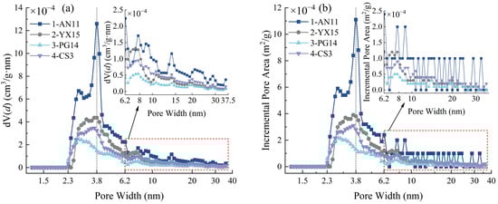 As shown in Figure 5a,b, the distribution of mesopore volume and pore-specific surface area across different pore sizes in the four experimental samples is presented. As the pore diameter increases, the mesopore volume and pore-specific surface area of all samples exhibit the same trend, showing a unimodal distribution with an “increase–decrease” pattern. The mesopores are primarily distributed between 2.3 nm and 6.2 nm. Based on the order of the curve heights in the figure, it is evident that the mesopore volume and pore-specific surface area of the 1-AN11 (mylonitic coal) sample, which exhibits the highest degree of tectonic metamorphism, remain the largest among the four samples, while the 3-PG14 (cataclastic coal) sample, with a relatively lower degree of tectonic deformation, shows the smallest values.
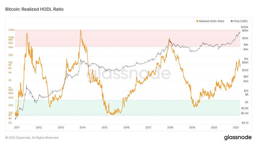 Llegamos a la misma conclusión cuando utilizamos el Ratio HODL Realizado (RHODL Ratio).
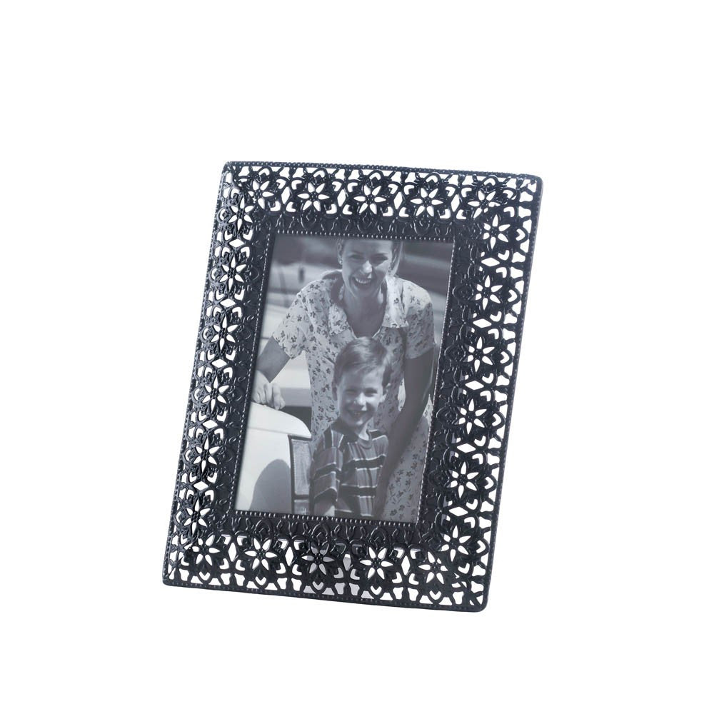 The best way to display your favorite photograph is in an exquisite frame thats just as special. This beautiful iron frame features a floral cutout design and fits a 5" x 7" photo.
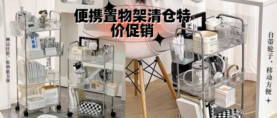 新疆包邮透明亚克力小推车床头卧室书架零食浴室移动化妆品置物架
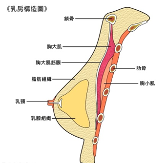 ↑胸部的層次從外向內依序是皮膚、皮下脂肪、乳腺、筋膜、胸肌、肋骨、胸腔。

******************************

What to produce >>
Once more, please print the whole listing exactly, omitting each image.

Result of this exercise >>
 As shown in Figure 5a,b, the distribution of mesopore volume and pore-specific surface area across different pore sizes in the four experimental samples is presented. As the pore diameter increases, the mesopore volume and pore-specific surface area of all samples exhibit the same trend, showing a unimodal distribution with an “increase–decrease” pattern. The mesopores are primarily distributed between 2.3 nm and 6.2 nm. Based on the order of the curve heights in the figure, it is evident that the mesopore volume and pore-specific surface area of the 1-AN11 (mylonitic coal) sample, which exhibits the highest degree of tectonic metamorphism, remain the largest among the four samples, while the 3-PG14 (cataclastic coal) sample, with a relatively lower degree of tectonic deformation, shows the smallest values.
 Llegamos a la misma conclusión cuando utilizamos el Ratio HODL Realizado (RHODL Ratio).
 The best way to display your favorite photograph is in an exquisite frame thats just as special. This beautiful iron frame features a floral cutout design and fits a 5" x 7" photo.
 新疆包邮透明亚克力小推车床头卧室书架零食浴室移动化妆品置物架
 ↑胸部的層次從外向內依序是皮膚、皮下脂肪、乳腺、筋膜、胸肌、肋骨、胸腔。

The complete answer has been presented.